- #1
εllipse
- 197
- 0
Can anyone show me the reason [itex](x^a)^b = x^{ab}[/itex]? Is this something that always works or is it just a general rule.
By continuity means that the exponential f:Q->R from rationals to reals is a continuous function. The rationals are dense in the reals, so only one continuous map f:R->R exist that agrees with the rational exponetnial. To put things more simply, and assuming additonally that for a positive real aquasar987 said:I am interested in this also. And specifically, what is a number raised to an irrational number? Wiki says "Exponentiation to an arbitrary real exponent can then be defined by continuity." What is meant by 'continuity' exactly? Is it that even though it is impossible to give a clear meaning to a^b (where b is irrationnal), we define a^b as having the same properties as exponentiation to a rational number?
The reason it breaks down is exp is many to one.εllipse said:Well here's what has me confused.
[tex]((-1)^2)^\frac{1}{2}=(-1)^{2\frac{1}{2}}=(-1)^1=-1[/tex]
vs
[tex]((-1)^2)^\frac{1}{2}=(1)^\frac{1}{2}=1[/tex]
So either the powers can't be multiplied in this case, or I'm mistaken and [itex]1^\frac{1}{2}={\pm}1[/itex]. I've been told the latter is false, so I was wondering where the multiplication of powers came from. I was assuming it would be easy to show, but maybe not.
It is true that [itex]1^{\frac{1}{2}}=\pm 1[/itex], but not true that [itex]\sqrt{1}=\pm 1[/itex]. This is because of the definition of the square root symbol. The definition of fractional, irrational and complex powers is as follows: In general, [itex]x^a[/itex] is defined as [itex]e^{a\log{x}}[/itex]. log is a multiple-valued function: [itex]\log{z}=\ln{|z|}+i arg(z)[/itex], where arg z is the argument of z and can take on any value of the form [itex] arg z = Arg z +2\pi k, k \in \mathbb{Z}[/itex] This means thatεllipse said:Well here's what has me confused.
[tex]((-1)^2)^\frac{1}{2}=(-1)^{2\frac{1}{2}}=(-1)^1=-1[/tex]
vs
[tex]((-1)^2)^\frac{1}{2}=(1)^\frac{1}{2}=1[/tex]
So either the powers can't be multiplied in this case, or I'm mistaken and [itex]1^\frac{1}{2}={\pm}1[/itex]. I've been told the latter is false, so I was wondering where the multiplication of powers came from. I was assuming it would be easy to show, but maybe not.
What is the definition of the square root symbol if not "raised to the power 1/2" ?!LeonhardEuler said:It is true that [itex]1^{\frac{1}{2}}=\pm 1[/itex], but not true that [itex]\sqrt{1}=\pm 1[/itex]. This is because of the definition of the square root symbol.
The definition is the positive root. That's why it is often written as [itex]\pm \sqrt{x}[/itex] when you want to indicate either possibility. It is convenient because if you write [itex]\sqrt{16}[/itex] everyone will know you mean 4, while if you write [itex]-\sqrt{16}[/itex] everyone knows you mean -4.quasar987 said:What is the definition of the square root symbol if not "raised to the power 1/2" ?!
James R said:Consider [itex](a^4)^3[/itex], for example.
This means:
[tex](a^4)^3 = a^4 a^4 a^4 = a^{12} = a^{(4 \times 3)}[/tex]
So, it seems sensible that, in general
[tex](x^a)^b = x^{ab}[/tex]
This is, of course, nowhere near a proof, but it's at least an intuitive argument for the natural numbers.
quasar987 said:What is the definition of the square root symbol if not "raised to the power 1/2" ?!
This is because according to the power rule of exponents, when we raise a power to another power, we multiply the exponents. In this case, (x^a)^b is the same as x^(a*b), which is equivalent to x^{ab}.

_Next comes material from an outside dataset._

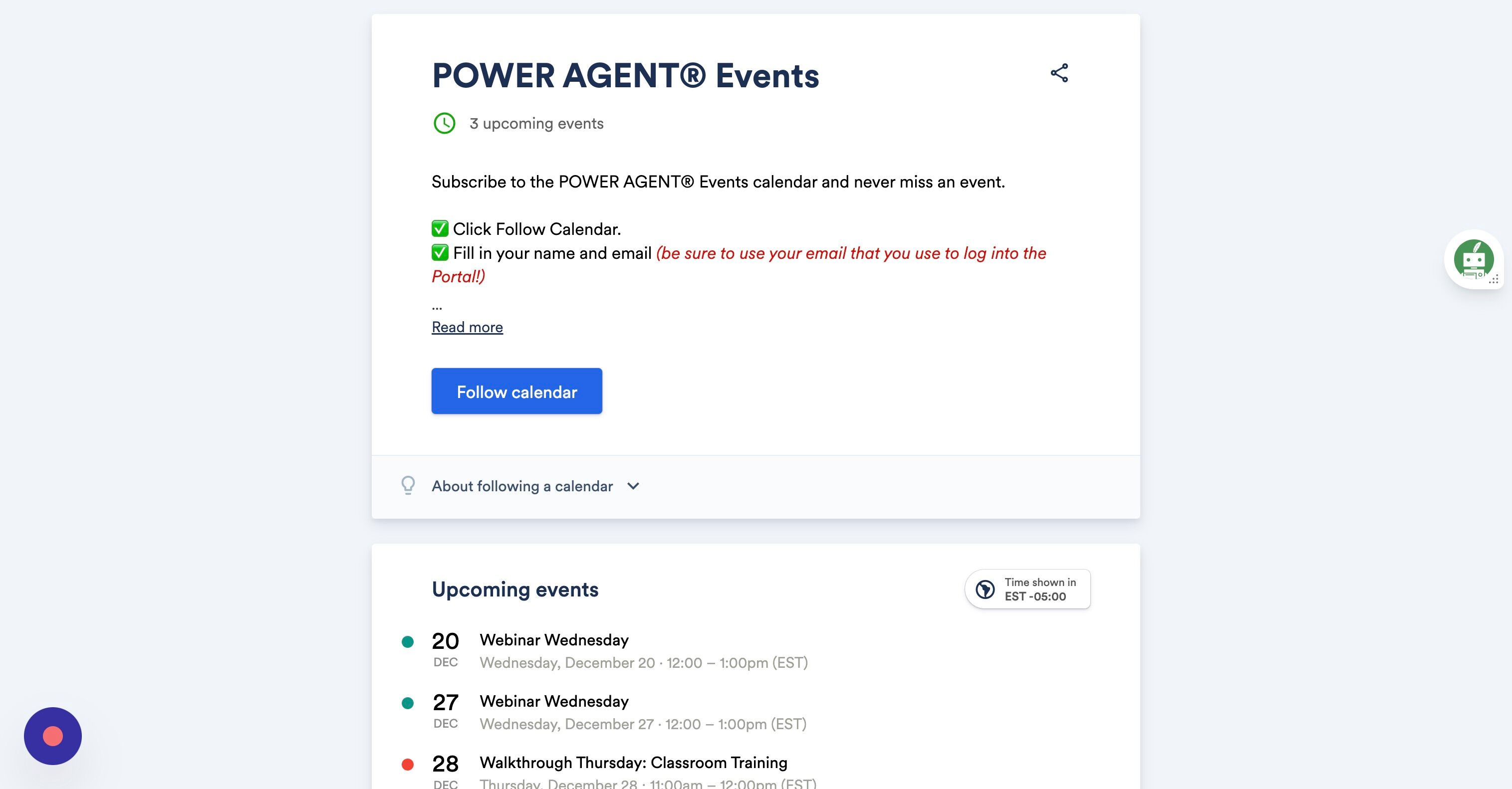 1. At the top right-hand corner of your Power Agent® Portal, click Calendar.

A real-life example of this rule can be seen in compound interest calculations. When we compound interest annually, we raise the initial amount to the power of the number of years. If we then compound the interest monthly, we raise the result to the power of 12 (number of months in a year), which is equivalent to raising the initial amount to the power of 12 times the number of years.

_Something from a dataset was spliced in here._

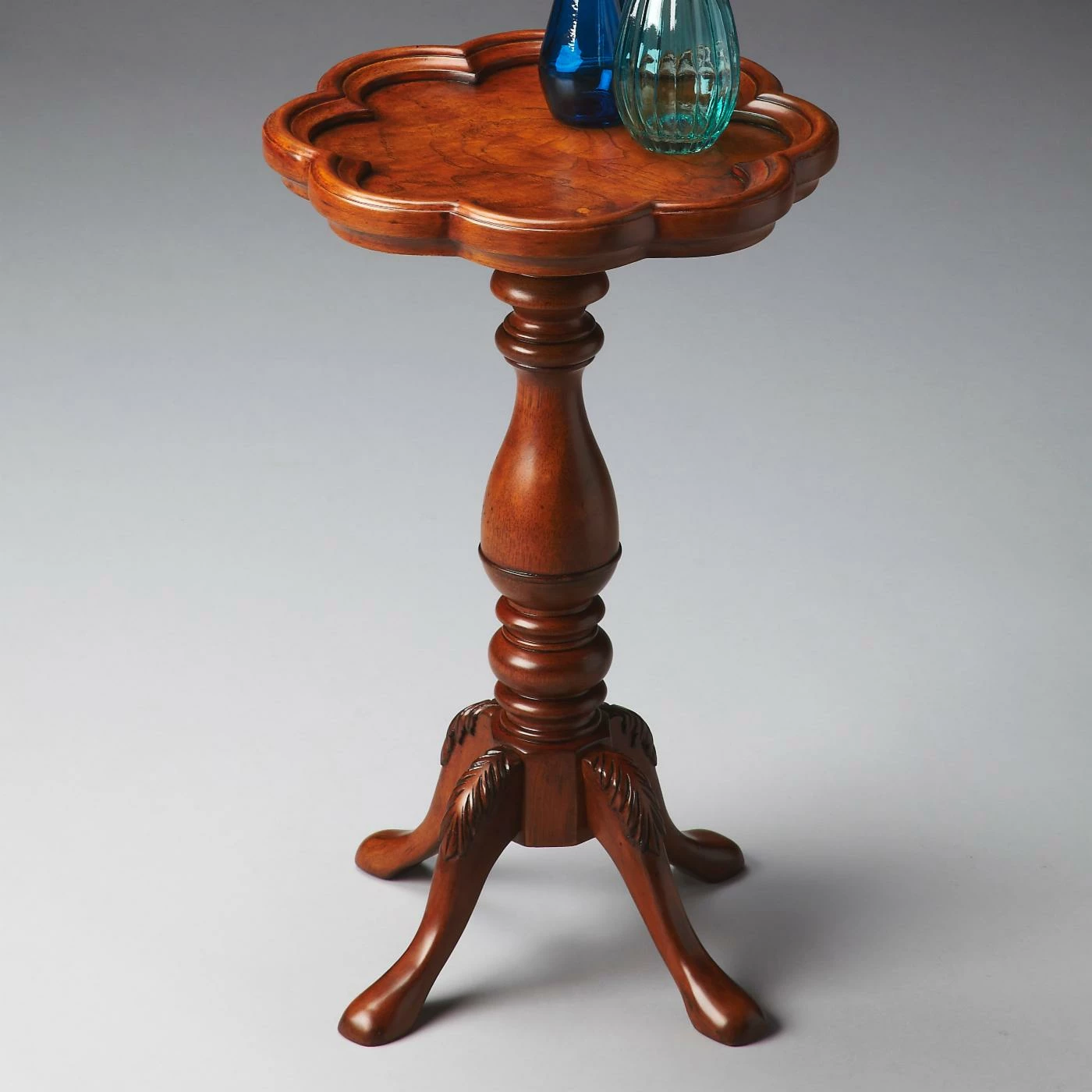 Complement your room’s traditional style with the Butler Whitman Scalloped Edge Accent Table. Beautifully crafted of hardwood solids and veneers, this versatile table features a choice of finish, scalloped-edge round top, and pedestal base. Place it next to your loveseat, armchair, bed, or in your entryway for elegant storage and display.

No, this rule holds true for all real numbers and variables, as long as x is not equal to 0.
This rule is related to the distributive property because both involve the multiplication of terms. In this case, we are multiplying exponents, while in the distributive property, we are multiplying coefficients and variables.
Yes, this rule can be generalized to any power raised to another power. For example, (x^a)^b can also be written as (x^b)^a, which is equivalent to x^{ba}. This is known as the commutative property of exponents.